Issati su una soapbox, una cassetta di legno simile a quelle originariamente usate per le spedizioni di sapone, a Speakers’Corner hanno parlato fra gli altri Churchill, Marx, Lenin, George Bernard Shaw e George Orwell, l’autore di1984, che lo definiva «una piccola meraviglia del mondo» e disse di avervi sentito discorsi di «nazionalisti indù, comunisti, integralisti cattolici, vegetariani, mormoni, portavoce dell’Esercito della Salvezza e un bel po’ di lunatici». Un certo lord Soper, sacerdote metodista, anarchico e pacifista, si vantava di averci fatto discorsi ininterrottamente dal 1926 al 1998. Recentemente è perfino uscito un libro, A Summer in the Park: a Journal of Speaker’s Corner, del giornalista Tony Allen, che raccoglie gli interventi più caratteristici. Anche in passato, per la verità, ci sono state sporadiche violenze: per sciogliere i meeting delle prime suffragette nel 1906, le dimostrazioni delle camicie nere del fascista britannico Oswald Mosley (padre di Max, ex presidente Formula Uno) nel 1934, incidenti durante la grande manifestazione contro la guerra in Iraq nel 2003.
La novità è che ora alcuni movimenti estremisti hanno iniziato a strumentalizzare Speakers’ Corner come tam-tam mediatico: pronunciato qui e poi messo online, un discorso ha più valore che se fatto altrove. Per fondamentalisti islamici e suprematisti bianchi, l’Angolo degli Oratori è diventato l’equivalente di una piazza digitale da conquistare. In un certo senso, la polemica lo ha modernizzato, portandolo nel XXI secolo. Ma ne dimostra anche i limiti, nell’era in cui i social sono l’altoparlante del mondo per comizi su qualsiasi tema, pubblico e privato, serio, futile o ignobile.

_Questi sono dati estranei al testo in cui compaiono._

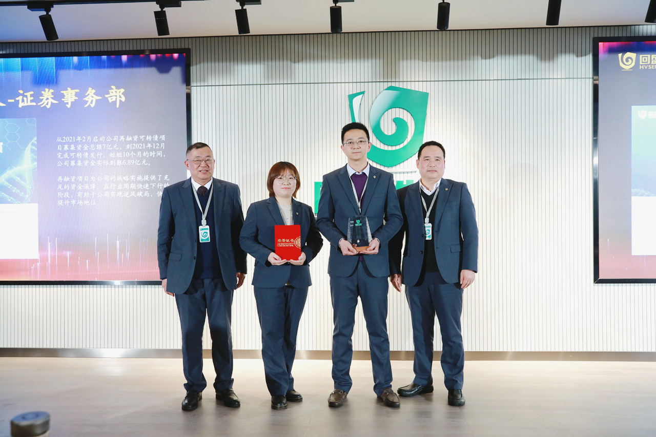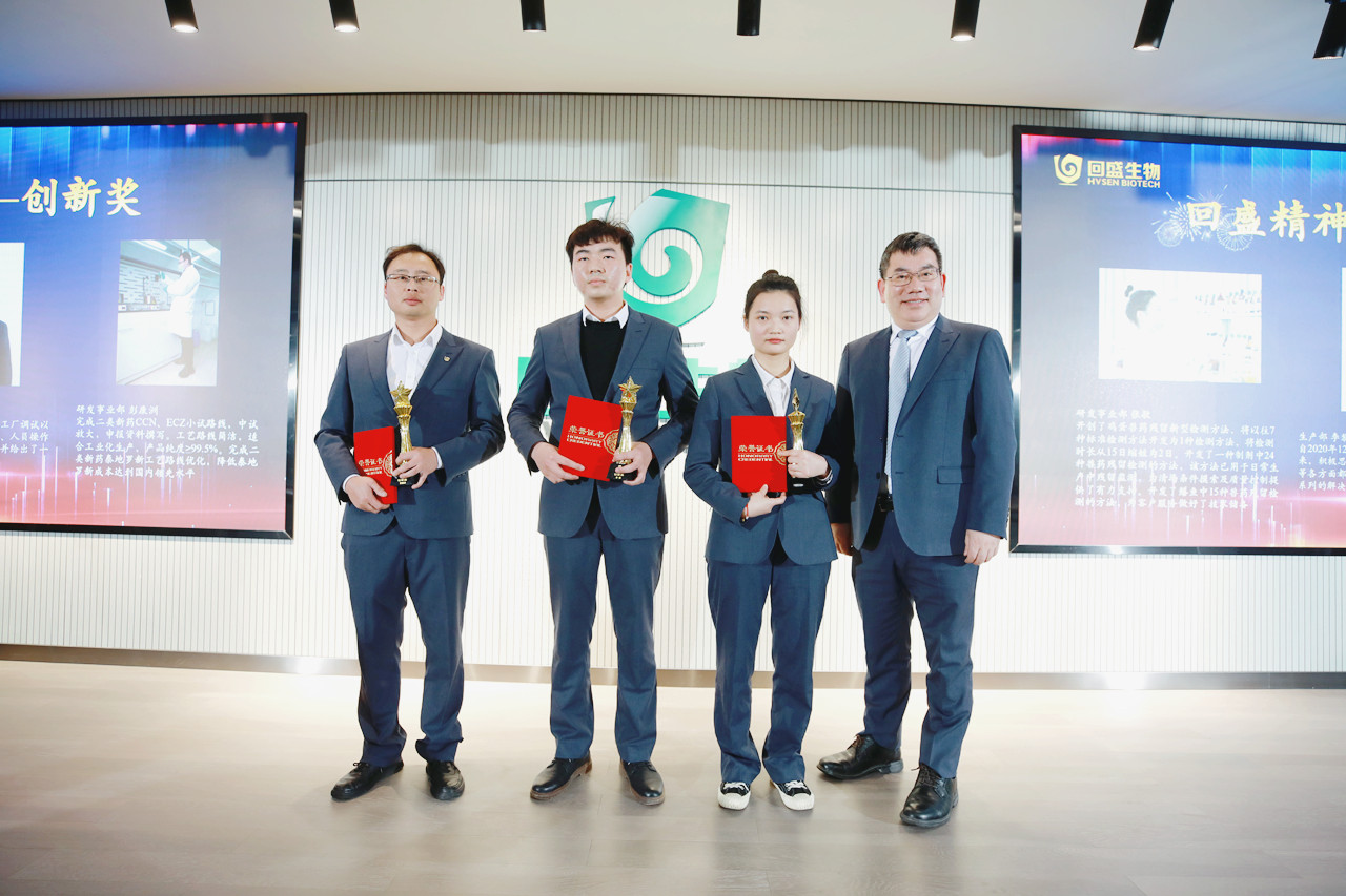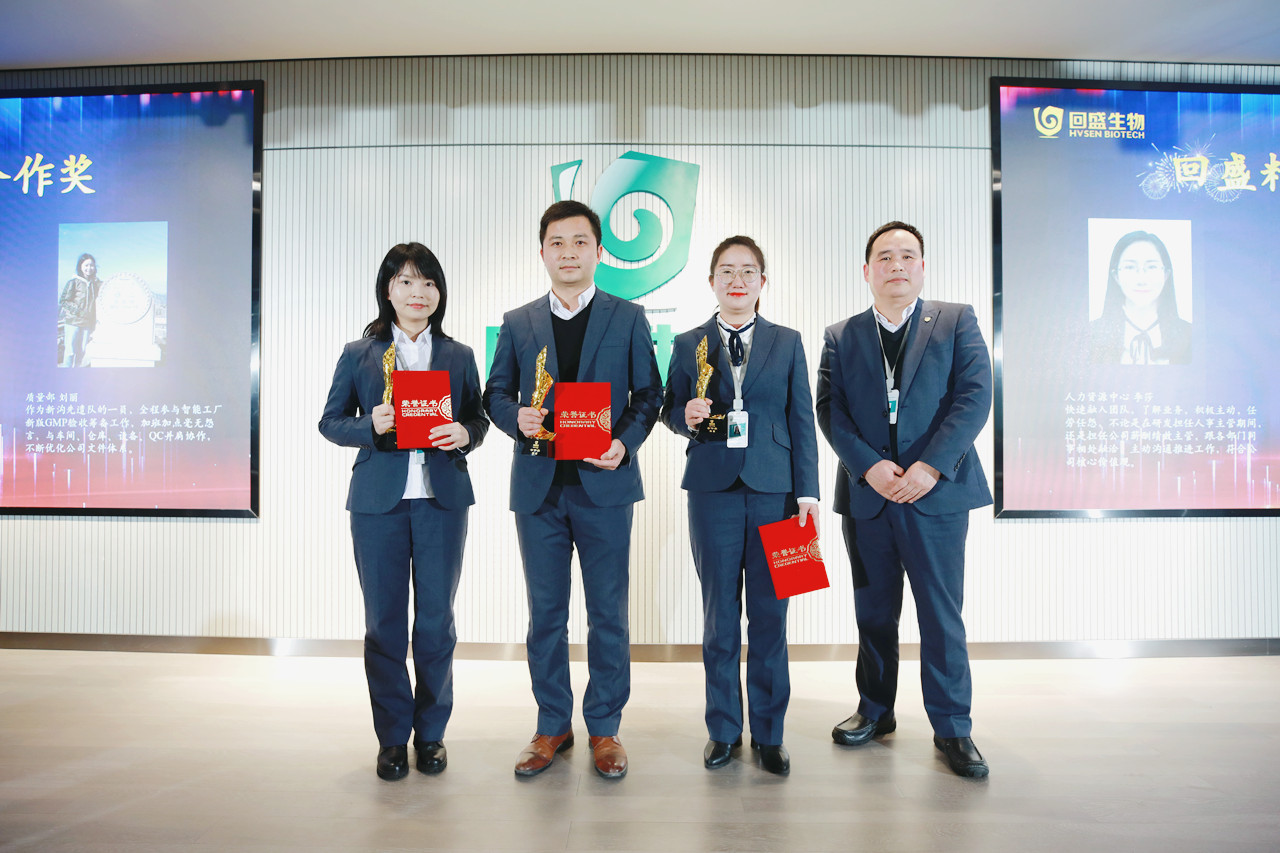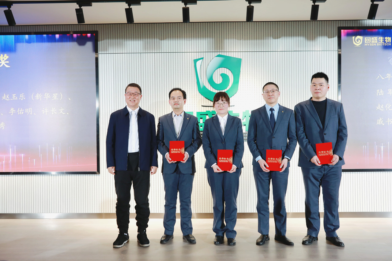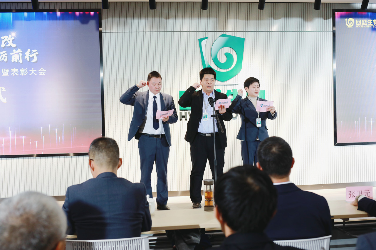 在觀看《開啟更好2022》新年祝福視頻后,大會對在2021年中取得優異成績和工作中表現突出的個人和團體進行了表彰。張衛元、李名家、李景中、劉潔等領導依次為銷售貢獻獎、回盛精神獎、回盛榜樣獎、回盛功勛獎榮譽稱號獲得者一一頒授證書、獎杯。

Non per nulla nel suo ultimo libro,Free speech, il politologo Timothy Garton Ash definisce Internet come «la più grande fogna del pianeta» con cui la libertà di parola deve fare i conti. IlTimes ha già dato l’allarme sul fenomeno. Finora Scotland Yard minimizza, affermando che non saranno tollerati soprusi e installando una discreta vigilanza. Fortunatamente ci sono giornate normali, in cui questo spicchio di Hyde Park riacquista il ruolo che ne ha fatto un simbolo di democrazia, un’istituzione e pure un’attrazione turistica. «Un luogo», come dice Paul Hunt, uno dei suoi habitué, «pieno di gente che parla senza avere niente da dire a gente che non ha nessuna intenzione di ascoltare». Ma anche questa è libertà d’espressione.